RECORDED INFORMATION →
________________________________________
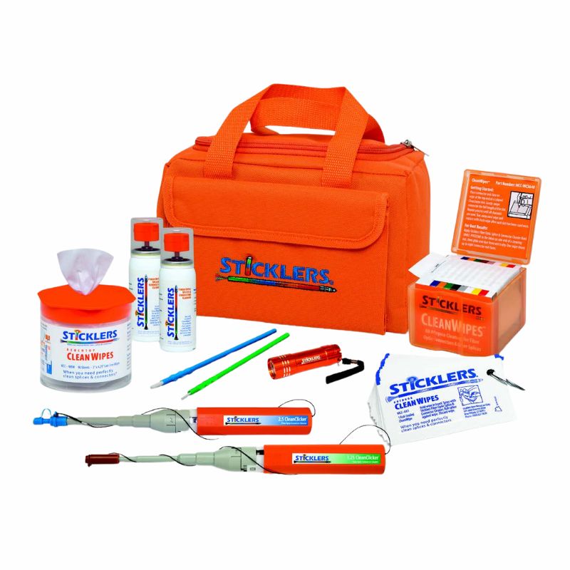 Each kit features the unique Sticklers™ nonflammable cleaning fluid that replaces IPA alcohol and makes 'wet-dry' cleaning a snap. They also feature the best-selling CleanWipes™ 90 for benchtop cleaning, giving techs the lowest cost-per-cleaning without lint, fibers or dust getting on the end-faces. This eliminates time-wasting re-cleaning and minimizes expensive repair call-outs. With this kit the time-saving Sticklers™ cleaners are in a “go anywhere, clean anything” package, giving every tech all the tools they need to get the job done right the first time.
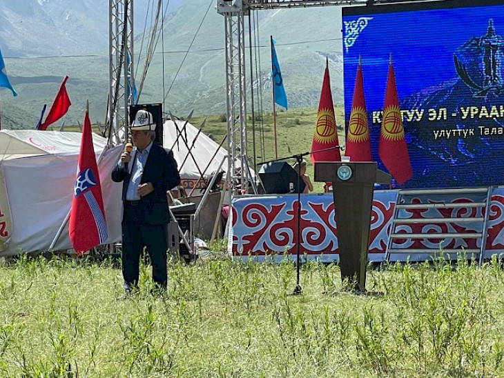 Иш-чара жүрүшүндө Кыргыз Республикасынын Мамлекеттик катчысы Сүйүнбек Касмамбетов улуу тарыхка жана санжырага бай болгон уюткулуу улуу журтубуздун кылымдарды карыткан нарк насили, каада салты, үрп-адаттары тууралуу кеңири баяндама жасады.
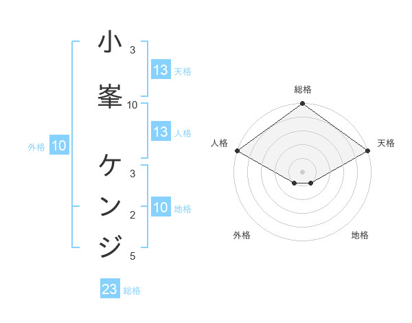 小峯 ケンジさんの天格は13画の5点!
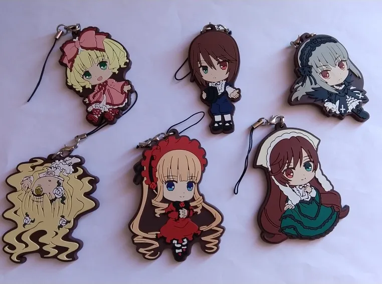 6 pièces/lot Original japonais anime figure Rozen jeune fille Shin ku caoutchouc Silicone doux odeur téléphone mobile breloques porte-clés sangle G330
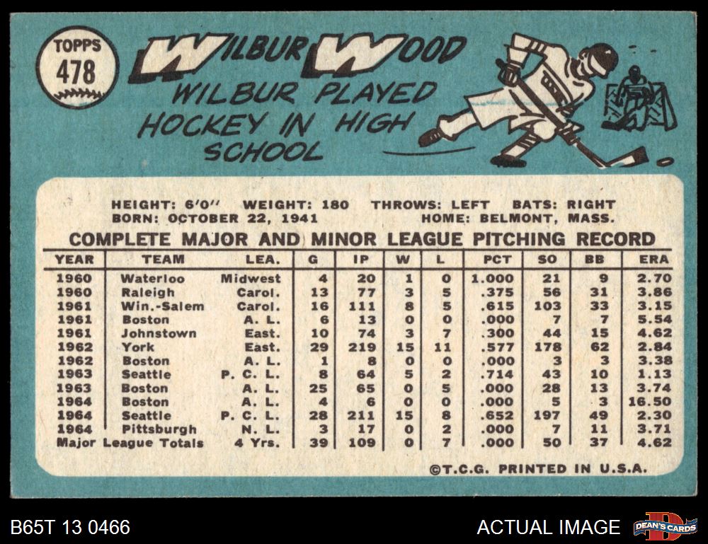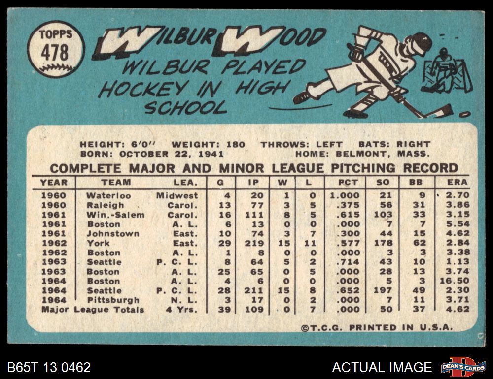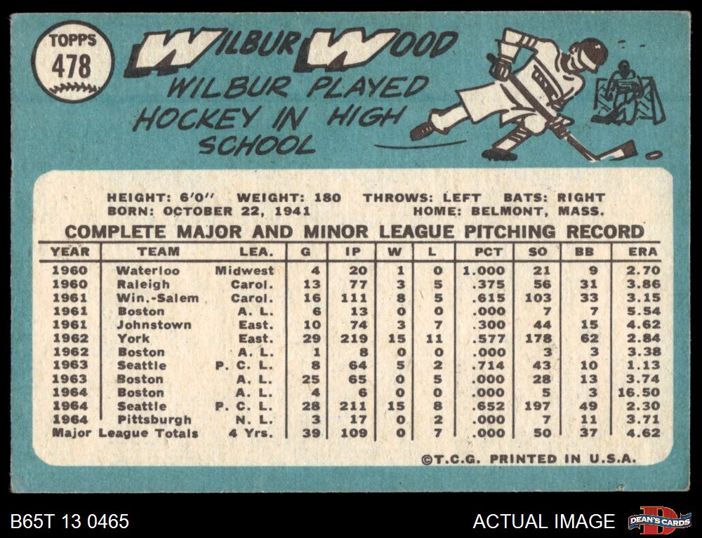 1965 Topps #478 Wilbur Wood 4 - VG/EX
________________________________________
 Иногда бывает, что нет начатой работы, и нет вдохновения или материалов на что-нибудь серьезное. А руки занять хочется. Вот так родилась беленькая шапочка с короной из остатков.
________________________________________
EXERCISE DIRECTIONS → For the data above, set down exactly the lines from the line with "Иш-чара жүрүшүндө Кыргыз" to the line with "1965 Topps #478 Wilbur Wood 4 - VG/EX", both included, leaving pictures out.

EXERCISE OUTPUT →
 Иш-чара жүрүшүндө Кыргыз Республикасынын Мамлекеттик катчысы Сүйүнбек Касмамбетов улуу тарыхка жана санжырага бай болгон уюткулуу улуу журтубуздун кылымдарды карыткан нарк насили, каада салты, үрп-адаттары тууралуу кеңири баяндама жасады.
 小峯 ケンジさんの天格は13画の5点!
 6 pièces/lot Original japonais anime figure Rozen jeune fille Shin ku caoutchouc Silicone doux odeur téléphone mobile breloques porte-clés sangle G330
 1965 Topps #478 Wilbur Wood 4 - VG/EX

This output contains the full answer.